But he is also real. Firm Handshake Guy is, in fact, one of the five or so most tedious people in American life, up there with History Channel Hiroshima Explainer (“Did you know murdering civilians saved lives, bub?”) and Guy Who Thinks Tebow Deserved More Time in Denver. What all of these people have in common is a certain kind of insistent stupidity, an in-your-face dumbness. The difference is that you can just not talk to Mssrs. Hiroshima and Tebow Defender about just war, the NFL, and kindred subjects. Firm Handshake Guy could be anywhere, and your continued membership in civilization depends upon putting up with his nonsense.

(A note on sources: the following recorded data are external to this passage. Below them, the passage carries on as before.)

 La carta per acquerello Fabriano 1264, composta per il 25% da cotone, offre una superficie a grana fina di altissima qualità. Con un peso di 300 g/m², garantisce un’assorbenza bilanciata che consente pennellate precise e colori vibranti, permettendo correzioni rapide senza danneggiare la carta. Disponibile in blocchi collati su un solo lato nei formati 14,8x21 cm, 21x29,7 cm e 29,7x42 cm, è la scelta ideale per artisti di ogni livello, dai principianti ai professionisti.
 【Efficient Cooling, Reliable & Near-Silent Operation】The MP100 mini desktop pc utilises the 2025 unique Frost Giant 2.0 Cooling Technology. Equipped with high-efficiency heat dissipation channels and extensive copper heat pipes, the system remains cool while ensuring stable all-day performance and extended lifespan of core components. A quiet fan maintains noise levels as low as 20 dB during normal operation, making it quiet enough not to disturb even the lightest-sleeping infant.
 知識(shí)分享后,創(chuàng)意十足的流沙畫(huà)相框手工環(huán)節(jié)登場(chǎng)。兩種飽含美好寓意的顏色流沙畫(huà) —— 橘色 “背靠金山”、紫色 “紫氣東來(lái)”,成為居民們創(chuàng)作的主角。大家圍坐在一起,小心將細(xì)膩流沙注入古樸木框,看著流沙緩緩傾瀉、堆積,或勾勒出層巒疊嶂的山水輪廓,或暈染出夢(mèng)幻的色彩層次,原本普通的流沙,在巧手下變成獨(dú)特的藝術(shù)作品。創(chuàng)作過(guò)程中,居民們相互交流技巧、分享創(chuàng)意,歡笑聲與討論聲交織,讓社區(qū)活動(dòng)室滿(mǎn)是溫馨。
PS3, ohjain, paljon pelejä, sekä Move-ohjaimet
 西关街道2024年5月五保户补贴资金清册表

Or at least it does until we replace the handshake with an elegant Japanese-style bow. Not only would bowing allow us to avoid the very real possibility of spreading disease even in non-pandemic seasons, it would put Handshake Guy out of business forever. And it would also make us a politer, gentler, more egalitarian society. The modern bow, so far from either signaling or demanding servility, is simply polite. It is a natural extension of the nod, that humblest and most reassuring of everyday gestures. And it is extremely easy to master. Just bend your waist while keeping your back and neck more or less straight and your feet together, lower your eyes slightly, and keep your hands at your sides. (Women, if they want, can clasp their hands together instead, but it is not necessary.)